Six environmental organizations denounce a new situation of chaos in the Teide National Park, the most visited in Europe (four million people on average per year), aggravated by the lack of means to control it. According to these associations, the teams from four audiovisual production shoots “cooped up” the most important parking areas in this natural area declared a World Heritage Site: Minas de San José, Cable Car, Parador de Turismo and Roques de García.
This situation caused visitors, companies that carry out activities in the Teide and the organizations for the defense of nature suffered the consequences of the presence of dozens of trucks and other vehicles from the filming that “occupied numerous places in the natural space”, criticized the Fundación Canaria Telesforo Bravo-Juan Coello, Ecologist Coordinator of El Rincón, Ben Magec Ecologists in Action, Association for the Conservation of Canary Biodiversity, Seo Birdlife and the Group of Ornithology and Natural History of the Islands Canary Islands.
“The abandonment of functions by the managing administration has reached such a point, the Council of Tenerifethat even one of the producers has been the one that has recommended to the tourist guides alternative places where to carry out their work of interpretation in view of the total occupation that was going to be made of one of the indicated car parks”, these organizations point out in a statement from joint press.
The six groups detail that «this excessive desire to authorize at the same time such a large number of audiovisual productions has caused a significant percentage of visitors, lacking in sensitivity, to have ended up parking in unauthorized places for this, which has caused damage to the flora and fauna of Teide”, the most protected area of Tenerife that the Cabildo manages.
The filming left visitors who wanted to do activities such as hiking without a place
They also denounce that private security companies hired for the filming “are carrying out functions for which they have no competence, such as regulating traffic and controlling access to certain areas of Teide, in the total absence of security.” Civil Guard and the team from the National Park itself, already lacking sufficient personnel to carry out its work because the Department of Ecological Transition of the Government of the Canary Islands he is reluctant to take out new places ». Just five forest agents monitor four million visitors a year.
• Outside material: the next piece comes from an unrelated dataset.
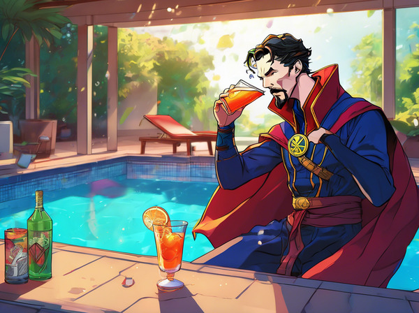 Doctor Strange and A Witch sunbathing with a Cocktail on the Couch -

This is the reality of the Teide National Park, resources that, according to the Telesforo Bravo-Juan Coello Canary Foundation, are clearly insufficient to care for one of the world’s natural jewels due to the endemic flora it houses and the various traces of volcanism.
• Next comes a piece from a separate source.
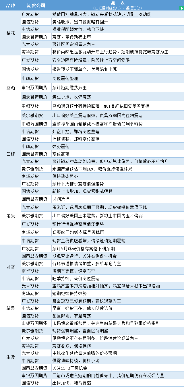 标题:期货公司观点汇总一张图:9月11日农产品(棉花、豆粕、白糖、玉米、鸡蛋、生猪等)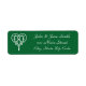 An emerald green return address label is decorated with a white Celtic weave heart on the left and sample text on the right for customising to make it your own.

The six organizations detail that it has been the case that Film company staff “has unilaterally fenced off parking spaces, outside the initially authorized places.” On occasions, the filming work has even occupied spaces “off the authorized trails” with the technical teams, something “absolutely prohibited” by the Master Plan for the Use and Management of the Teide National Park in force, as indicated in the statement . They recall that according to the Management Plan (PRUG), “uses related to cinematography, radio, television, video, advertising and the like, which are of a professional, commercial or commercial nature, require administrative authorization from the Mixed Management Commission”. “This may delegate to the Park Management the authorizations of all or part of the special uses,” the groups clarify.
They add that the Master Plan of the National Parks Network establishes that “no extraordinary activity may be authorized if it contradicts the rules of the Park, is detrimental to its values or its objectives, has a high risk of causing damage to persons or property, or if it has a significant negative impact on the normal functioning of the park, on the protection of resources or on the use by part of the visitors. These are measures that these organizations understand have not been enforced on Teide.
“We believe that this disaster is motivated by the conception of the Teide National Park by the public administration that manages the space, the Cabildo de Tenerife, which sees it solely as a source of economic resources and tourism promotion for the Island, without the conservation of the natural values that gave rise to its declaration matters the least”, ensure the six associations. Consulted by this newspaper, the Island Councilor for Natural Environment Management and Security, Isabel García, did not offer any assessment of the reported events on Thursday.